This is an automated email from the ASF dual-hosted git repository.
acassis pushed a commit to branch master
in repository https://gitbox.apache.org/repos/asf/nuttx.git
The following commit(s) were added to refs/heads/master by this push:
new 97a50eaf453 net/sixlowpan: Fix sixlowpan_uncompresshdr_hc06()
97a50eaf453 is described below
commit 97a50eaf453469a7c3afc76b40c86e4552d59b97
Author: Alan Carvalho de Assis <[email protected]>
AuthorDate: Sun May 3 14:52:22 2026 -0300
net/sixlowpan: Fix sixlowpan_uncompresshdr_hc06()

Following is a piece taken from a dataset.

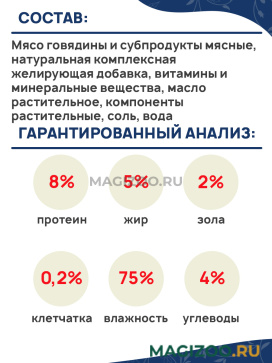 Мясо говядины и субпродукты мясные, натуральная комплексная желирующая добавка, витамины и минеральные вещества, масло растительное, компоненты растительные, соль, вода

This commit fixes sixlowpan_uncompresshdr_hc06() to avoid that the
frame data be bigger than the iob->io_len.
Signed-off-by: Alan C. Assis <[email protected]>
---
net/sixlowpan/sixlowpan_hc06.c | 63 ++++++++++++++++++++++++++++++++------
net/sixlowpan/sixlowpan_input.c | 10 ++++--
net/sixlowpan/sixlowpan_internal.h | 8 ++---
3 files changed, 65 insertions(+), 16 deletions(-)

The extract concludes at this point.